So the media narrative of this year’s presidential election is how loathsome the two candidates are. I even heard one pundit say it’s a competition to see who can be less disliked. This week, a Real Clear Politics poll-average has Hillary Clinton beating Donald Trump 56 to 60 in unfavorableness.
Let’s be clear, Clinton and Trump are disliked for different reasons. Clinton’s ratings are the result of decades of attacks against her and President Bill, as well as because of her real shortcomings. Trump’s unfavorable ratings reflect the distaste for his character, and his very un-presidential behavior.
While I support Clinton, I won’t argue with America: We want new candidates! Both bases, from the farthest left — the Bernie Bros — to the farthest right want an outsider, someone to disrupt the system.
Who, you ask?
Here are some outsiders who could bring order to this year’s mayhem and give Democrats and Republicans someone to vote for, not against.
Actors: Democrats should consider Morgan Freeman. He’s already been president and God, he hosted “Through the Wormhole” and has a deep understanding of science. Plus, every State of the Union would be the most epic speech. Matthew McConaughey would be an ideal VP … right on.
Republicans should look to Bradley Cooper. No idea if he is a Republican, but that doesn’t seem to bother them (See Donald J. Trump). He has a tremendous military background and respect for the armed forces after playing a Navy Seal and war hero, Chris Kyle, in “American Sniper.” VP pick … Ron Swanson. Nobody loves America more than Ron Swanson.

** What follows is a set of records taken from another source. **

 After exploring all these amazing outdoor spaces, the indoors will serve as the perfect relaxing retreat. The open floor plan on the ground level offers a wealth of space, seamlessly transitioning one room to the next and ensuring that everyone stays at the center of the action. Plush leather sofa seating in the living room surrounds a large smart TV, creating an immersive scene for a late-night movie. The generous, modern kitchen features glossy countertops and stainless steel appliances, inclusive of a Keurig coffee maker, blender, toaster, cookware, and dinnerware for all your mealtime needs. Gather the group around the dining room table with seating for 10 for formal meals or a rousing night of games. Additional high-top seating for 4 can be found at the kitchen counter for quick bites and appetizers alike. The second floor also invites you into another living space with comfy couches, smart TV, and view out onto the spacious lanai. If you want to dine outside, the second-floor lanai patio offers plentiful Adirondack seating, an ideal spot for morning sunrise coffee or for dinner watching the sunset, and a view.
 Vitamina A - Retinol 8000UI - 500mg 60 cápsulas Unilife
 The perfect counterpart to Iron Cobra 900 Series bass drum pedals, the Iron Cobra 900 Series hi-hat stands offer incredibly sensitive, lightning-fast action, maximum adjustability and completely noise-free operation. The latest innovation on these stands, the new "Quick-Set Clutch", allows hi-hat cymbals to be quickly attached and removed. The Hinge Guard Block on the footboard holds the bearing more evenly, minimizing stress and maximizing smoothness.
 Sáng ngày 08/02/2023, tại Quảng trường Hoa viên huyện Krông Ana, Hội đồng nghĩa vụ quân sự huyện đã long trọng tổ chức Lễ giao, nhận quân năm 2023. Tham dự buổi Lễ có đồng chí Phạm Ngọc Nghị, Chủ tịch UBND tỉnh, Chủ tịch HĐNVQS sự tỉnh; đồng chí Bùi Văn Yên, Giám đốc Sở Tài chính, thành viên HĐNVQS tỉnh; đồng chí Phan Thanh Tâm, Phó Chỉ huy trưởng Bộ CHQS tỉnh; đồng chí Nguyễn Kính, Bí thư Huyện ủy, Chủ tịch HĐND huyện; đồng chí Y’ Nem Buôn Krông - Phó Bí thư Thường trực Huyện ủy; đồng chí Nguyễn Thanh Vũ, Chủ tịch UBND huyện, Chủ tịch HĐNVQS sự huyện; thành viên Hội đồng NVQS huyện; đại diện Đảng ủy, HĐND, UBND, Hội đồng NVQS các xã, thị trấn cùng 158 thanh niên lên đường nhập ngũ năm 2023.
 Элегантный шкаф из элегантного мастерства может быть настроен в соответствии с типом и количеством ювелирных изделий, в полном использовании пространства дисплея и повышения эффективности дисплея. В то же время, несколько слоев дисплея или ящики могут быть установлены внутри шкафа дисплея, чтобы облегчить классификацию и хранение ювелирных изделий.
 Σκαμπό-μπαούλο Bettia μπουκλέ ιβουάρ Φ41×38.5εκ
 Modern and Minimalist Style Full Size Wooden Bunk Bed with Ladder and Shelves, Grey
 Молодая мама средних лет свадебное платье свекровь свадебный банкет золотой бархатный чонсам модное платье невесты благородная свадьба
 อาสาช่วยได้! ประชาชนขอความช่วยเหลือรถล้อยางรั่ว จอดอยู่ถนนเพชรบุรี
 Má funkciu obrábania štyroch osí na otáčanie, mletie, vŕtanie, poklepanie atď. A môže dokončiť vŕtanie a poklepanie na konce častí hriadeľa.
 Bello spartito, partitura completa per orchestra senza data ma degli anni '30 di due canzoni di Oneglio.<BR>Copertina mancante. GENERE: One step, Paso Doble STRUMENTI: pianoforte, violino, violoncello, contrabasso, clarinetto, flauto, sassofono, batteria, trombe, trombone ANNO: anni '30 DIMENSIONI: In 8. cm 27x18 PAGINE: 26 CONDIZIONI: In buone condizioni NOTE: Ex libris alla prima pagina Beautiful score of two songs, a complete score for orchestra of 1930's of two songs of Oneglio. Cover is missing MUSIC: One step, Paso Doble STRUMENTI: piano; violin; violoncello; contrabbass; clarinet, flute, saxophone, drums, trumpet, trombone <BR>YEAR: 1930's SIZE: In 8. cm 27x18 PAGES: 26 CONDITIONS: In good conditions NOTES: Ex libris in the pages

Athletes: Dems should hand the ball off to Serena Williams. Serena is the greatest American athlete, with established international relations, and charisma that could even make Sen. Mitch McConnell blush. Her teammate could be Scottie Pippen, who made a Hall-of-Fame career out of being someone’s running mate (Michael Jordan).
For Republicans, the answer is clear: Peyton Manning. He’s not only the epitome of the all-American boy, he is also tremendously savvy with the media. As VP, he should look to Tiger Woods. Tiger, son to a Green Beret, has strong ties to the military and shown success on and off the golf course, and he adds much-needed diversity to the Republican ticket.
Business people: Mr. Facebook himself, Mark Zuckerberg, would make a solid Democratic nominee. He’s been outspoken on important social issues, from LGBTQ fairness to defending Black Lives Matter and racial equality. He comes with eccentricities, but he’s young and been a leader his entire life. VP pick — Tim Cook. Applebook rules the world.
Republicans should court and nominate Charles and David Koch (let them decide which one is the other’s VP). I’ve criticized the billionaire brothers for the hundreds of millions of dollars they’ve spent supporting Republican candidates in the past. That said, they’ve spent fortunes on philanthropic endeavors, they’ve also (reportedly) lobbied against special-interest politics and for criminal-justice reform. Their business backgrounds would be irresistible to the base, as well as would be their unwavering support for anti-government freedoms … like the Second Amendment.
National figures: Democrats should turn to someone out of this world as their nominee: Astronaut Scott Kelly. Not only has Kelly represented America on the cosmic stage, he has also been a fierce advocate for gun reform, along with his courageous, heroic wife, Gabby Giffords, who was the victim of gun violence while serving in the U.S. House of Representatives. Scott’s VP could be Tony Dungy. Outside of a Hall of Fame career for coaching in the NFL, whenever there is a crisis, he is brought in as the voice of reason and served as mentor to countless young NFL players.
The final stand for the Republican ticket, and chance to win in 2016, should go to Tim Tebow. He was an athlete, but now he’s just a really nice guy with good, Christian values. Plus, he puts Florida back in play. He is, constitutionally, too young to serve, but Florida counts in trophies, and Tebow has plenty. His VP choice should be Wayne LaPierre. Why? Because guns equal freedom, and freedom equals America.